§ **Supplied material**

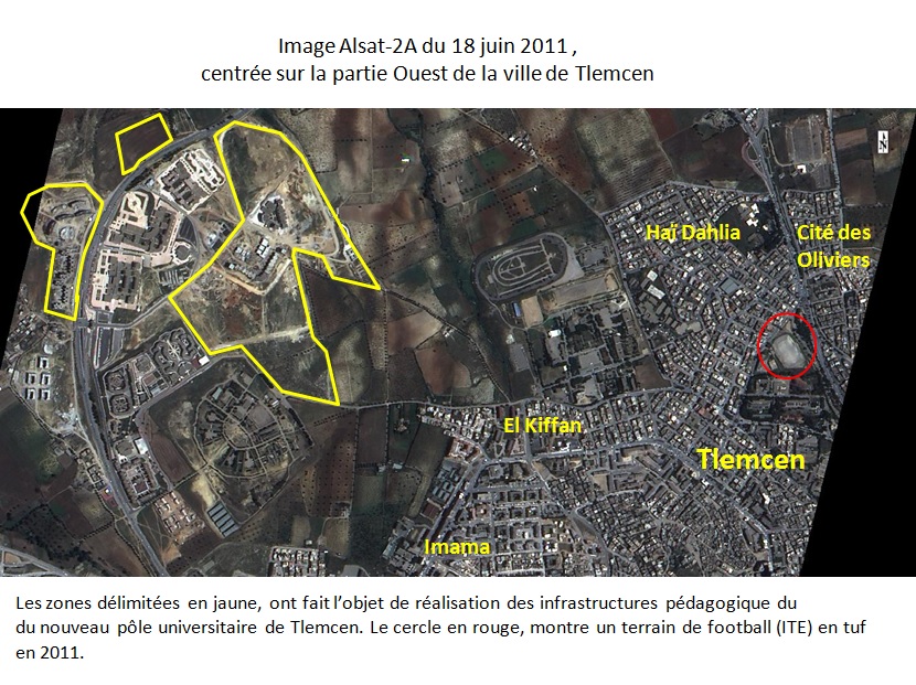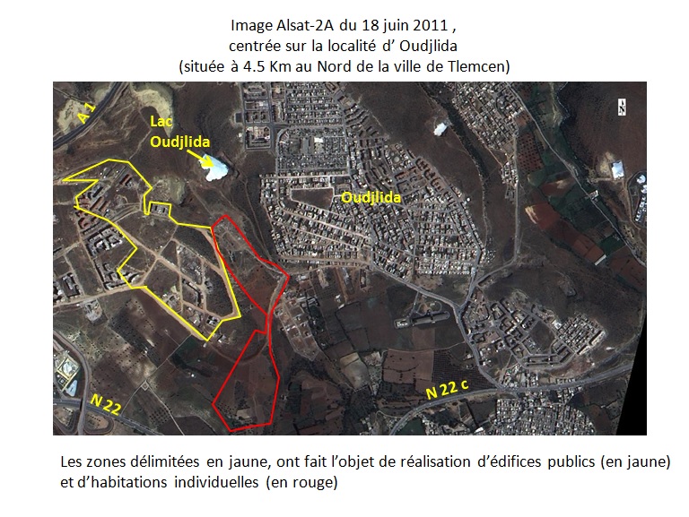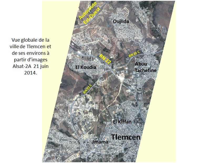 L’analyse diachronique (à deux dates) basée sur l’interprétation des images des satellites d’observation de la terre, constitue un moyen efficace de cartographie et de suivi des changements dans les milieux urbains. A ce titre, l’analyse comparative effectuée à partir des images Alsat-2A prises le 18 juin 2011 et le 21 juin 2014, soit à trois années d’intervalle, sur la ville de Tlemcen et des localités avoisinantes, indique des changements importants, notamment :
---
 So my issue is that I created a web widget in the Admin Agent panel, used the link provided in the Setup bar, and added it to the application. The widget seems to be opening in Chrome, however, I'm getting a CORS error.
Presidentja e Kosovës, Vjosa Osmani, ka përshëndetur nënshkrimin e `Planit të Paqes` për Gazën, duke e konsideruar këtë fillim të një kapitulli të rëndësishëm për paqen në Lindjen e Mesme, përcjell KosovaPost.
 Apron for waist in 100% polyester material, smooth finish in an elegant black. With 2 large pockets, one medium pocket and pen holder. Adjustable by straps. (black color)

§ **What to produce**
Starting at the line that contains "Presidentja e Kosovës, Vjosa" and stopping after the line that contains "Apron for waist", write out every line exactly as it appears above, and no other line.

§ **Finished exercise**
Presidentja e Kosovës, Vjosa Osmani, ka përshëndetur nënshkrimin e `Planit të Paqes` për Gazën, duke e konsideruar këtë fillim të një kapitulli të rëndësishëm për paqen në Lindjen e Mesme, përcjell KosovaPost.
 Apron for waist in 100% polyester material, smooth finish in an elegant black. With 2 large pockets, one medium pocket and pen holder. Adjustable by straps. (black color)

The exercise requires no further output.